O apelado apresentou contrarrazões pleiteando o improvimento do recurso de apelação (id 3339548).
Decisão de juízo positivo acerca da admissibilidade do recurso (id 3458054).
O Ministério Público apresentou parecer aduzindo ser desnecessária a sua intervenção.
É o relatório. Determino a inclusão do feito em pauta virtual.
Teresina-PI, 25 de abril de 2022.
Desembargador ADERSON ANTONIO BRITO NOGUEIRA
VOTO
VOTO
I. JUÍZO DE ADMISSIBILIDADE
Presentes os pressupostos gerais de admissibilidade recursal e, cumpridos os requisitos estabelecidos pelo artigo 1.010 e seguintes do Código de Processo Civil, CONHEÇO da Apelação interposta.
Passo a análise do recurso.
II – MÉRITO
A parte autora/apelado propôs Ação de Obrigação de Fazer objetivando a condenação do requerido/apelante a proceder com o desbloqueio da restrição imposta pelo IBAMA, bem como ao pagamento dos danos materiais e morais sofridos.
Consta nos autos que o apelado se dirigiu ao DETRAN com cópia da decisão administrativa que tornou sem efeito a apreensão do veículo imposta pelo IBAMA, contudo o apelante se recusou a retirar o bloqueio do veículo.

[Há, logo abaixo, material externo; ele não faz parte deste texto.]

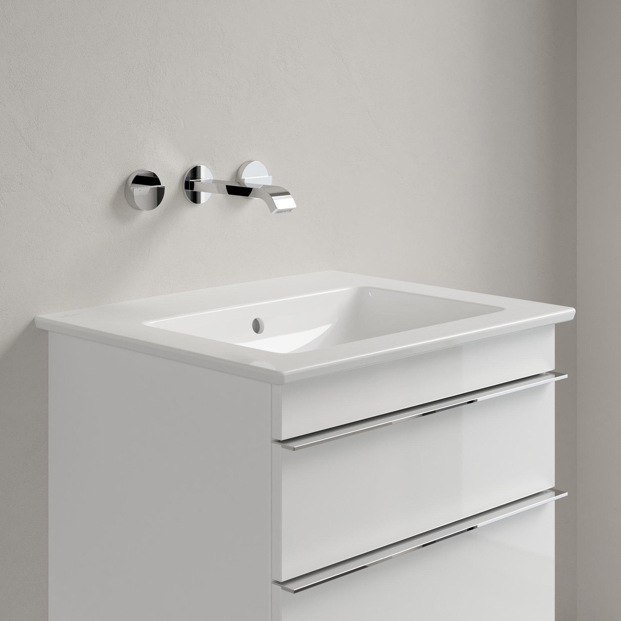 La forme rectangulaire avec les rebords fins caractéristiques donne immédiatement à votre meuble de salle de bains ou à votre installation murale une apparence haut de gamme et axée sur le design. Les dimensions de 60x50 cm offrent un espace de lavage généreux, tout en restant parfaitement en ligne avec les meubles modernes et les lignes droites de votre salle de bains. Comme ce lavabo est réalisé sans trou de robinetterie, vous pouvez choisir vous-même une robinetterie murale épurée ou une robinetterie sur gorge sur le meuble, ce qui offre une liberté supplémentaire dans votre conception. Le trop-plein subtilement intégré maintient l’aspect visuel sobre et évite les inondations, sans interrompre le design.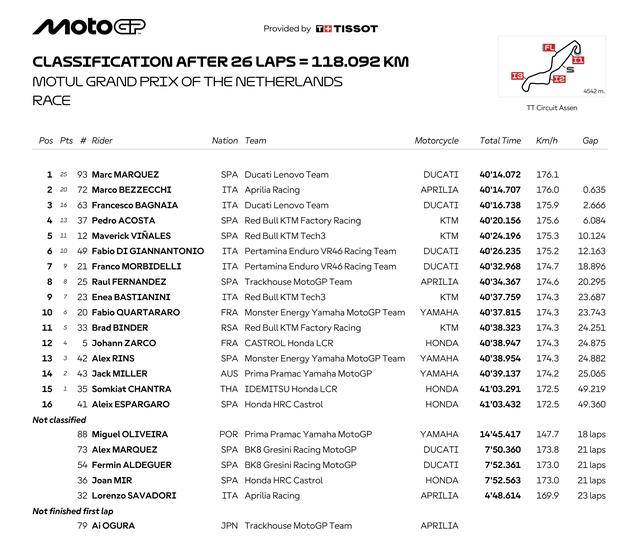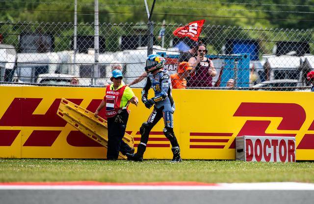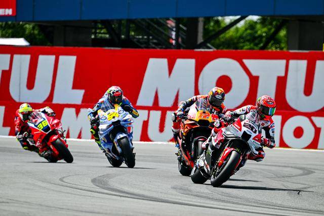 MotoGP 級別周日(六月 29 日)進(jìn)行的正賽、賽程為 26 圈。比賽的前 5 圈,前面五、六位車手的近身格斗,為觀眾們呈現(xiàn)了一場短暫而激烈的冠軍爭奪戰(zhàn),也是在這一圈,馬昆斯從隊(duì)友巴納亞手上、奪回了領(lǐng)先位置;第 6 圈,小馬昆斯與 37 號車的西班牙車手阿科斯塔(Pedro Acosta)發(fā)生擦碰、并導(dǎo)致發(fā)生意外而退賽,賽后,小馬昆斯確認(rèn)左手骨折。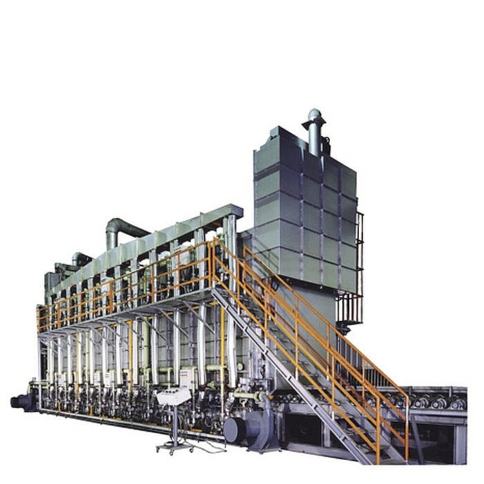 Проходные садочные печи для сфероидного отжига проволоки в бунтах состоят из камеры отжига проходного типа. Роликовый конвейер выполняет функцию подачи/выгрузки и сквозной транспортировки бунтов проволоки в печи. Печь оборудована платформой для технического обслуживания и вытяжной вентиляцией для отвода и удаления выхлопов и других продуктов горения. Управление - автоматическое, программируемым логическим контролером, панелью управления HMI. Система обеспечения безопасности: световая и звуковая индикация событий и возникающих неисправностей, датчики температуры, контроллер ПИД и SSR, датчики углерода, кислорода, термопары. Кривая процесса термообработки контролируемая с отображением событий на дисплее управления и записью данных.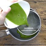 2 Combine salt, lye water and pandan juice, add in green bean starch and cornstarch, mix well, then sieve into a sauce pot.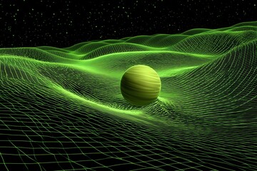 A green grid-like landscape undulates in a digital space, featuring a spherical object resembling a planet at its center.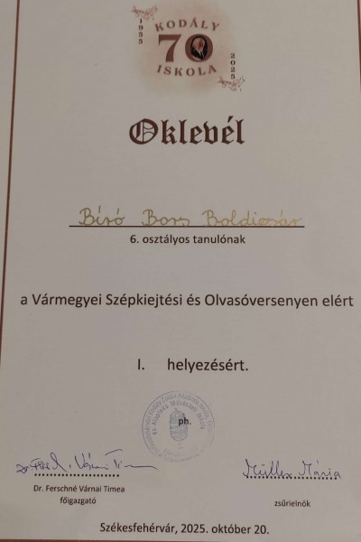 Szépen magyarul Bíró Bors Boldizsár 6.b osztályos tanulónk újabb anyanyelvi versenyen vett részt. Ezúttal a Fejér Vármegyei Szépkiejtési és Olvasóverseny első helyezettje lett. Gratulálunk! 2025.11.23

O juízo primevo julgou procedente, em parte, o pedido inicial, nos seguintes termos:
(...)
Analisando os autos verifico que a parte autora comprovou a recusa do réu em proceder a baixa na restrição, o que se constata através dos documentos carreados aos autos, em especial pela Decisão Administrativa referente ao Processo nº 02581.000017/2012-41, onde consta que a autoridade administrativa do IBAMA tornou sem efeito a apreensão de seu veículo e, ainda, pelo ofício subscrito pelo Superintendente do IBAMA, de nº 02020.000553/2015-44 GABIN/PI/IBAMA, dirigido ao DETRAN onde solicita o desbloqueio total das restrições motivadas pelo IBAMA/PI, fatos esses que não foram contestados pelo Detran e entendo por hígidos, eis que devidamente comprovados.

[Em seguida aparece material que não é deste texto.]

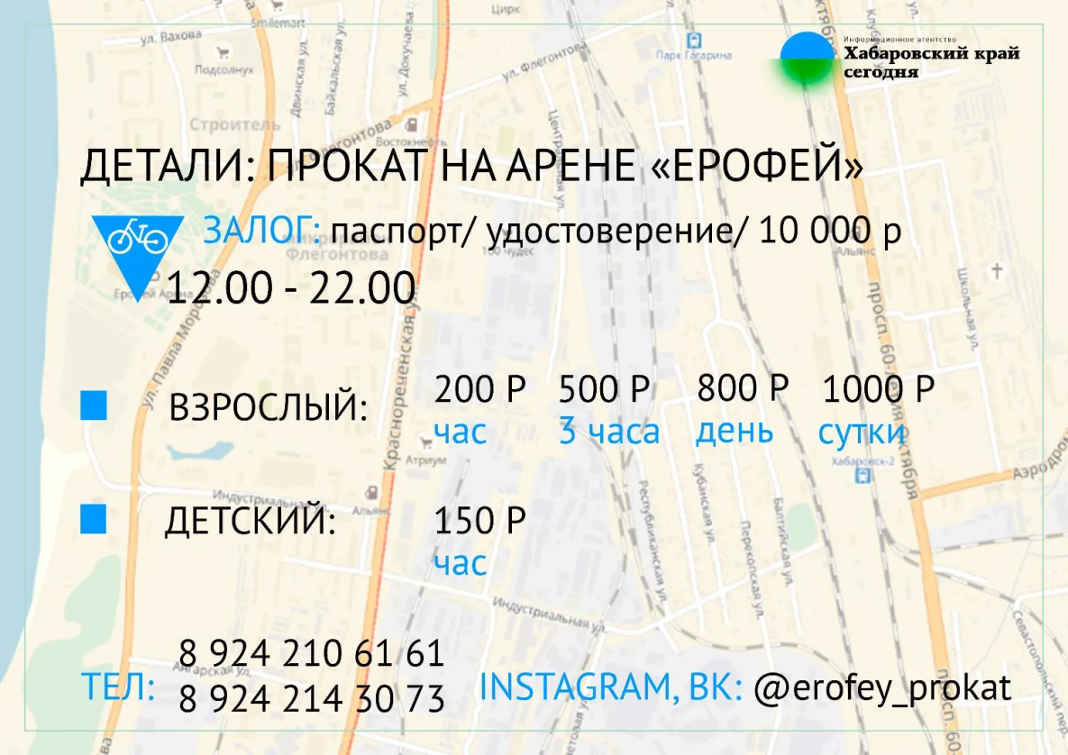 Пункт для многих очень удобен, потому что находится в центре излюбленного места катания хабаровчан. К тому же, взять напрокат можно не только велосипед.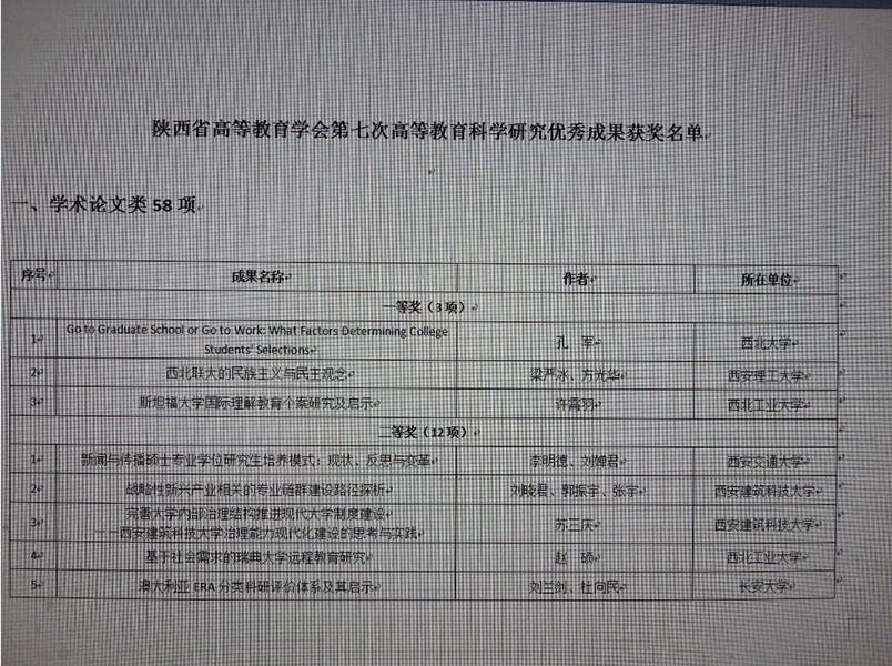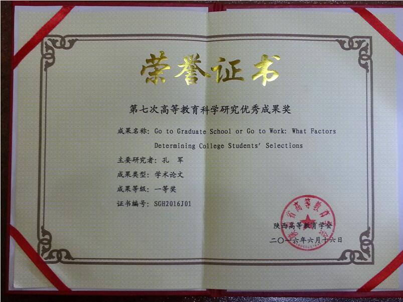 冰球官网孔军副教授的论文《Go to Graduate School or Go to Work: What Factors Determining College Students’Selections?》获得陕西省第七次高等教育科学研究优秀成果奖一等奖,在12月3日举行的陕西省高等教育学会年会暨校长论坛上受到表彰。这篇文章在SSCI检索期刊The Anthropologist上发表(2015, Vol.19(3), pp.773-780)。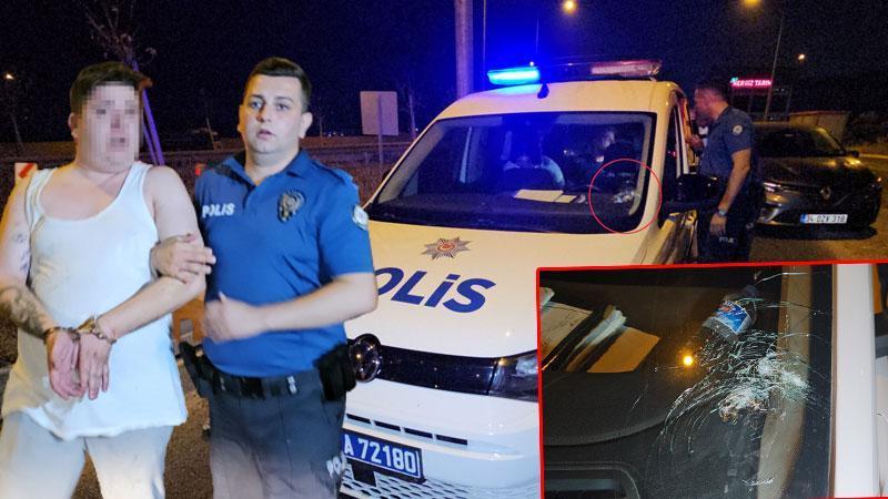 Otoyolda kendisini takip eden polis aracına sert cisimler attığı öne sürülen otomobildekiler, tüm uyarılara rağmen kaçmaya devam etti.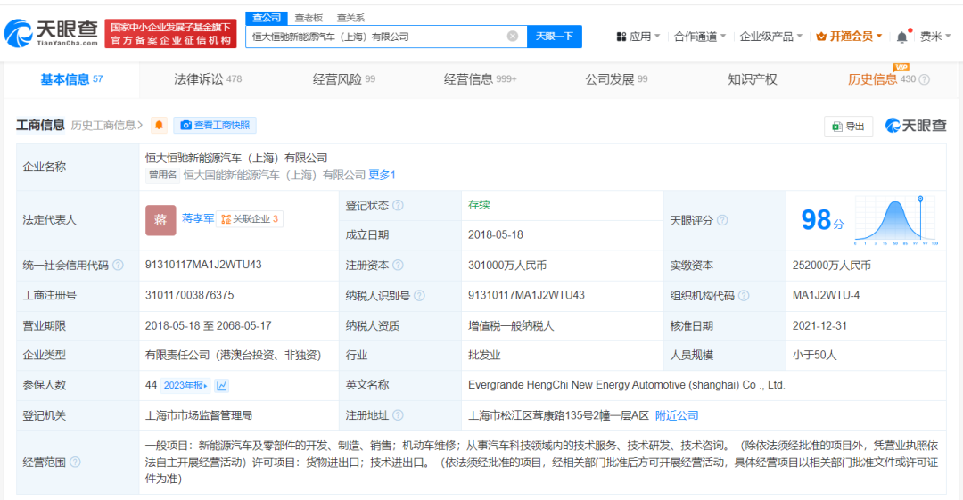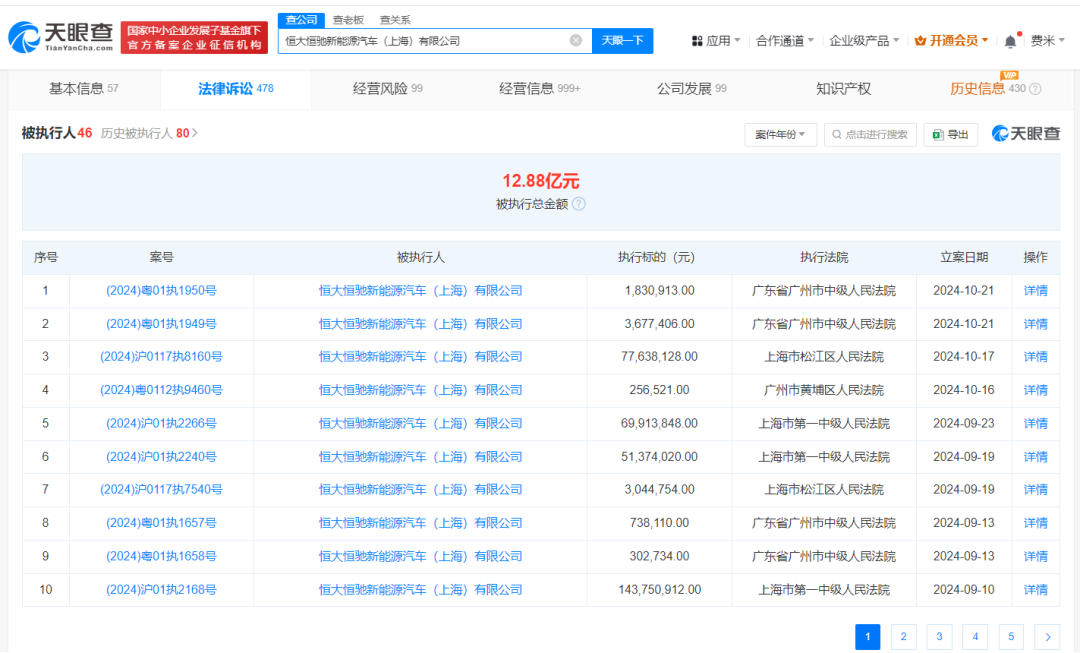 恒大恒驰新能源汽车(上海)有限公司现存40余条被执行人信息,被执行总金额超12亿元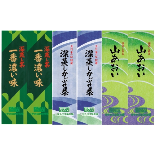 | 内容 | ●<一番濃い味深蒸し茶>100g袋2本(3456円) ●<深蒸しかぶせ茶>100g袋2本(2808円) ●深蒸し煎茶<山あおい>100g袋2本(3240円) |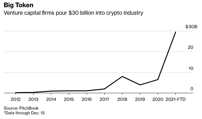 시장조사기관 핀치북(Pinchbook)에 따르면 올해 벤처캐피털 머니가 암호화폐로 유입된 금액은 300억 달러(약 35조 원)로 예년 수준을 훨씬 능가했다. 특히 지난 10월 비트코인 선물거래 펀드(ETF)가 마침내 미국 시장을 강타하면서, 비트코인이 사상 최고치를 경신하면서 벤처캐피털 머니에 대한 관심이 더 높아졌다.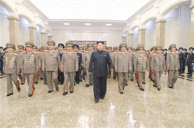 这张朝中社7月27日提供的照片显示,朝鲜最高领导人金正恩(前中)参谒平壤锦绣山太阳宫。锦绣山太阳宫是安放朝鲜已故领导人金日成和金正日父子遗体的地方。

No que se refere ao dano moral pleiteado, verifico que assiste parcial razão.
Certo é que por expressa previsão constitucional, as pessoas jurídicas de direito público e as de direito privado prestadoras de serviços públicos, como regra geral, responderão pelos danos que seus agentes, nessa qualidade, causarem a terceiros, assegurado o direito de regresso contra o responsável nos casos de dolo ou culpa (art. 37, § 6.º, CF).
Entretanto, em se tratando de omissão, do qual resulte dano na esfera jurídica de terceiros por não ter sido realizada determinada prestação dentre as que incumbem ao Estado, fala-se na incidência da teoria da faute du service publique e não em responsabilidade objetiva.
Dito de outro modo, temos que a regra, com relação ao Estado e suas Autarquias, é a responsabilidade objetiva fundada no risco administrativo sempre que o dano for causado por agente público nessa qualidade. No entanto, se o dano não decorrer da atividade estatal (comportamento positivo), a responsabilidade será subjetiva, fundada na culpa anônima ou falta do serviço, advinda da omissão (genérica) que tenha concorrido para não evitar o resultado, quando tinha o dever legal de impedi-lo.
Outrossim, caso a Administração Pública tenha sido alertada a respeito de determinado comportamento positivo que deveria tomar ou ocupe a qualidade de guardião, mas negligencie seu dever e adote postura de inércia, sendo seu comportamento omissivo uma das causas do evento danoso, nesse caso, caracterizada a omissão específica, aplica-se também a responsabilidade objetiva.
Há de se observar ainda, que a imputação de responsabilidade civil, objetiva ou subjetiva, exige a presença de dois elementos de fato - a conduta do agente e o resultado danoso - e um elemento lógico-normativo, o nexo causal.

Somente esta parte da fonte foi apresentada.